Exercise aim
All of the data should be repeated exactly; pictures are not part of the copy.

Information supplied

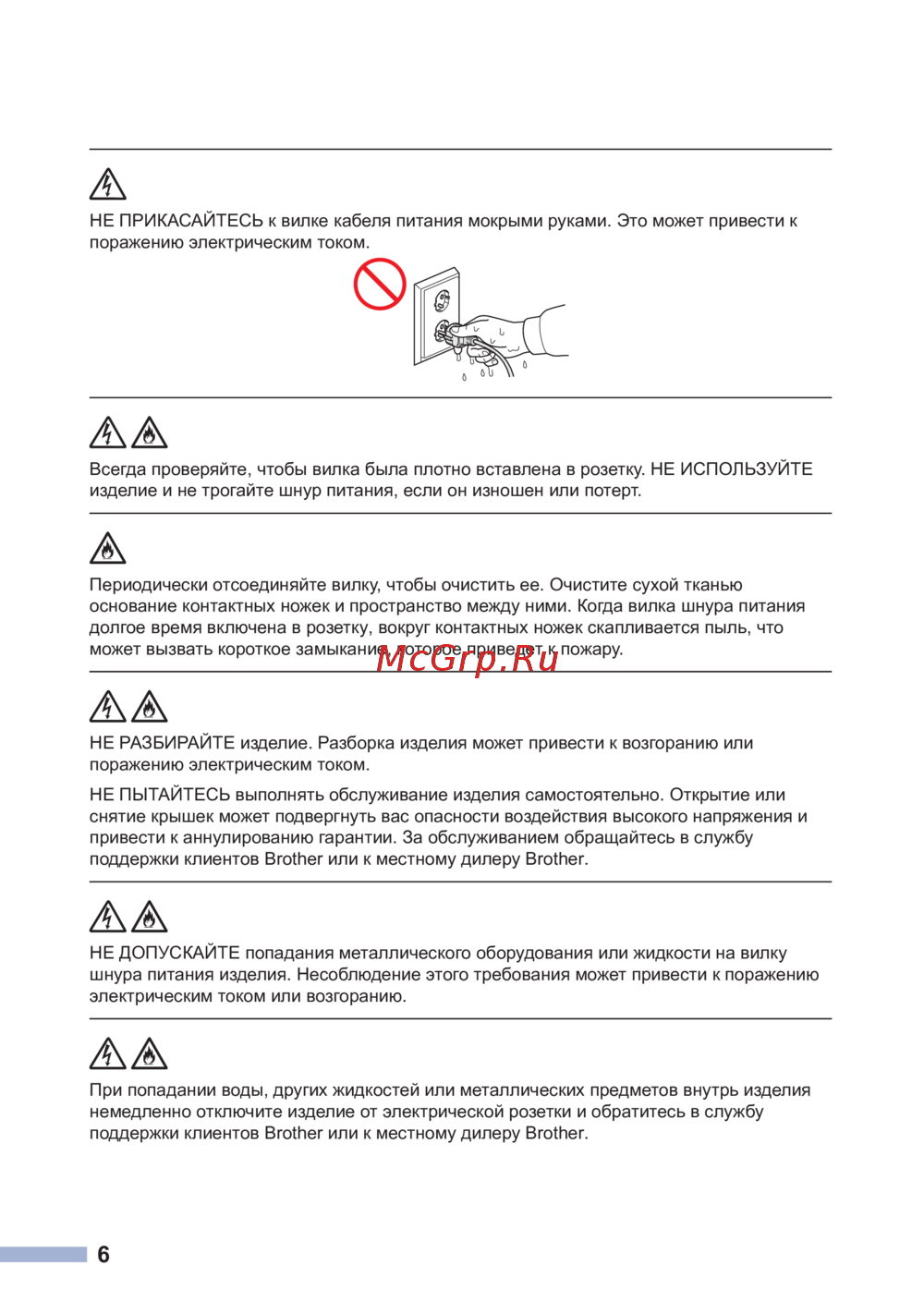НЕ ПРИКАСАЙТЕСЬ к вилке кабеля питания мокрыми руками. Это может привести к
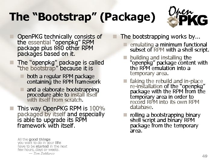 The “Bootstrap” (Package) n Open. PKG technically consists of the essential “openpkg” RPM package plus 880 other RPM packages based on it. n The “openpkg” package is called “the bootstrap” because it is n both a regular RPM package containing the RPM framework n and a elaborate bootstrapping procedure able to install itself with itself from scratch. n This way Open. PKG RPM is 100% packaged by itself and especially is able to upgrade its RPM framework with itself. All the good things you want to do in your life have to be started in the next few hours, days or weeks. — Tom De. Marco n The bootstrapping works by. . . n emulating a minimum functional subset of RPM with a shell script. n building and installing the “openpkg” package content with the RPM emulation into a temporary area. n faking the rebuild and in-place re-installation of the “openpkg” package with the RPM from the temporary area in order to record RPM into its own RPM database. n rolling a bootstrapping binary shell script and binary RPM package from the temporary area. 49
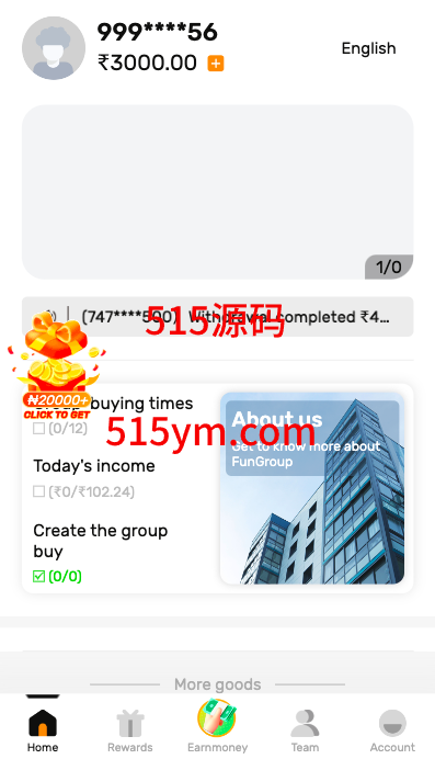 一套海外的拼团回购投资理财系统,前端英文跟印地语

Task response
НЕ ПРИКАСАЙТЕСЬ к вилке кабеля питания мокрыми руками. Это может привести к
 The “Bootstrap” (Package) n Open. PKG technically consists of the essential “openpkg” RPM package plus 880 other RPM packages based on it. n The “openpkg” package is called “the bootstrap” because it is n both a regular RPM package containing the RPM framework n and a elaborate bootstrapping procedure able to install itself with itself from scratch. n This way Open. PKG RPM is 100% packaged by itself and especially is able to upgrade its RPM framework with itself. All the good things you want to do in your life have to be started in the next few hours, days or weeks. — Tom De. Marco n The bootstrapping works by. . . n emulating a minimum functional subset of RPM with a shell script. n building and installing the “openpkg” package content with the RPM emulation into a temporary area. n faking the rebuild and in-place re-installation of the “openpkg” package with the RPM from the temporary area in order to record RPM into its own RPM database. n rolling a bootstrapping binary shell script and binary RPM package from the temporary area. 49
 一套海外的拼团回购投资理财系统,前端英文跟印地语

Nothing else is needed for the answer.